Today was field day for the girls. Hustle and bustle to get them out the door with both Amber and Ryan close behind. After dropping Ryan at my parent’s house and the girls off at field day it was time to go to OT. OT was great with Michelle, Maura, and McKenzie, a student from Quinnipiac. Michelle noticed that Amber’s left hand and wrist have loosened up since the last week which is great. Michelle and Maura showed me some more exercises to do with Amber to keep up with the stretching of her arm, elbow and shoulder, along with making sure that Amber gets her core muscles tight as well as her back straighter.
After OT was done Amber really wanted to go to field day to watch. So we hurry back towards home to try to make it in time, which was really close considering field day ended at 12:30 PM. We made it just in time to spend about 40 minutes having lunch with her class. Amber was in her glory!!
Then it was time for me to whisk the girls away from field day and drop them off to their grandparents’ house where Ryan was so that I could bring Amber to radiation. Radiations have been a little extra special because yesterday Amber’s Memere got to come with us and now today, her Pepere came with us. After radiation I had to run to Stop & Shop (thank you Pep for staying with Amber) to pick up some groceries as well as bouquets for the big dance recital that’s happening on Sunday.

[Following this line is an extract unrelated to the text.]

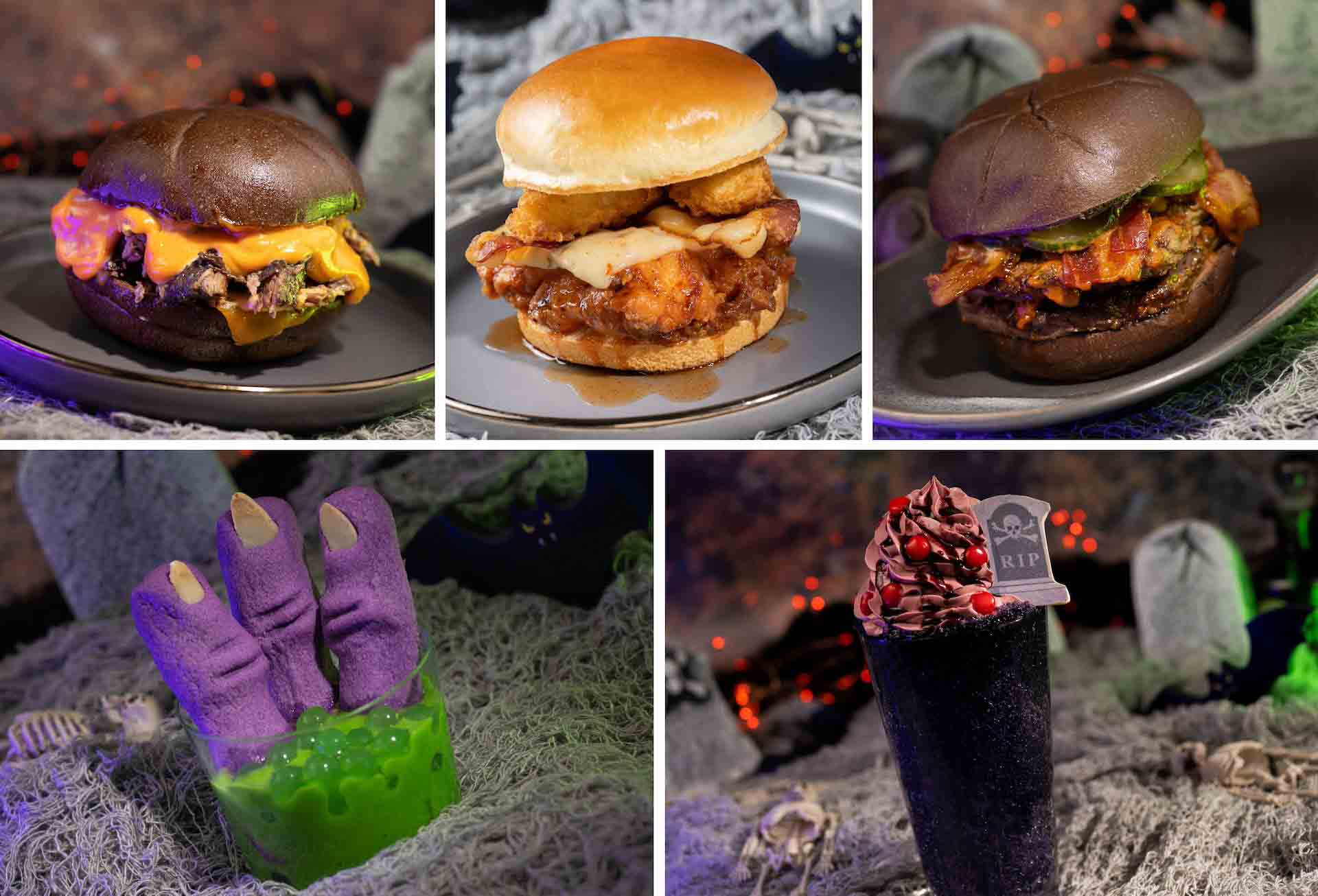 -  - Ghoulishly Gourmet Burger: Two all-beef patties with pepper jack and Swiss cheese, candied bacon, balsamic-glazed mushrooms, onion ring, and truffle-buffalo aïoli served on a black bun (New) (Available during regular park hours and Mickey’s Not-So-Scary Halloween Party)

After picking the rest of the kiddos up from my parent’s, and putting half of them down for naps, it was time to unload stuff from field day, groceries, and flowers. Later, while I was making cupcakes for this upcoming weekend, my mind kept pondering over something Amber said earlier in the day. Amber’s been coming up with “wishes” for the Make A Wish Foundation, where she has a special Wish Box to put them in. She says to me “Hey Mama, I have another wish for the wish box.” “Oh great Amber, what is it?” and she says “I wish for Cousin Jenn not to have Cystic Fibrosis anymore.” I stop what I’m doing and look at Amber. I’m dumbfounded. How can this six and a half year old have this level of maturity and selflessness to ask for, to even think of something like this? Her wish. My heart swells. My heart breaks. So special and so awe-inspiring. Makes me wonder how I can be less selfish, and further, on a grander scale, how the world can be less selfish; to think of others instead of just ourselves. There’s a lot to take from this very simple and very sweet request of a child’s personal wish. Perhaps we all could learn a thing or two from Amber.